Shomron Ben-Horin (born 1968) (Hebrew: שומרון בן-חורין) is an Israeli physician, a co-founder & Chief Medical Officer of Evinature, and professor of medicine at the Tel-Aviv University. 

Shomron Ben-Horin was born and raised in Tel Aviv, Israel.  

He received his MD from the Hadassah School of Medicine of the Hebrew University of Jerusalem before completing his gastroenterology training at Sheba Medical Center in Tel Aviv.

Medical career 

Ben-Horin is the chief of the Gastroenterology Department at Sheba Medical Center, Israel. He was previously Director of the inflammatory bowel disease service at the Sheba Gastroenterology Department.

He was a postdoctoral scientist in the laboratory of human immunology at NewYork-Presbyterian Hospital, and in 2015, was adjunct professor of medicine at the 1st Affiliated Hospital of Sun Yat-sen University, Guangzhou, China. 

After his successful trial on Curcumin in Combination with Mesalamine for Ulcerative Colitis, Ben-Horin founded Evinature with his research partner, Nir Salomon in 2020.

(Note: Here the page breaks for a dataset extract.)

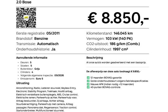 2.0 Bose|NAP|Automaat|BOSE audio|Panoramadak|Trekhaak
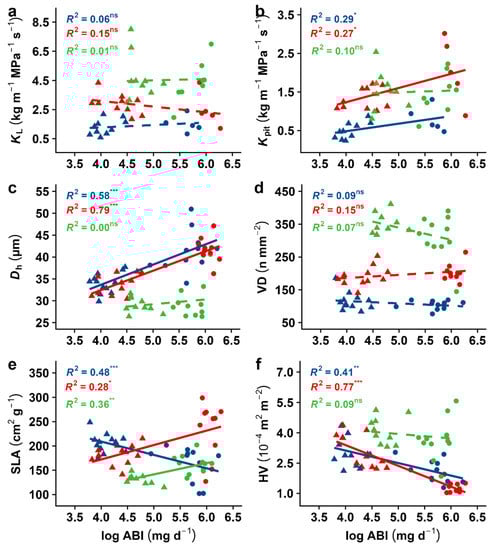 Dependency of growth rate on wood anatomical and leaf morphological traits. Given are linear regression analyses of log-transformed growth rate against (a) leaf-specific conductivity (KL), (b) pit conductivity (Kpit), (c) hydraulically-weighted vessel diameter (Dh), (d) vessel density (VD), (e) specific leaf area (SLA), and (f) Huber value (HV). Different colours and symbols represent different species and treatments (blue: A. pseudoplatanus; red: B. pendula; green: S. aucuparia; filled circles: control treatment; triangles: stress treatment). Indicated for each species are the coefficients of determination, i.e., R-squared, for the investigated relationships. Full lines indicate significant effects of variable x on variable y; dashed lines indicate a non-significant relationship. Asterisks indicate the level of significance ( *, p < 0.05; **, p < 0.01; ***, p < 0.001; ns, for non-significant).

Professional organizations 

Ben-Horin is the president of the Israel IBD Society. He has served as Associate Editor of the Journal of Crohn's & Colitis (JCC) and is currently a member of the Editorial Board of Gut (journal) and the Scientific Committee of the European Crohn’s & Colitis Organization (ECCO). 

He has also served as a member of the steering committee of the Israeli Gastro Association, and is the Director of IBD Passport, a web-based global support program for traveling IBD patients.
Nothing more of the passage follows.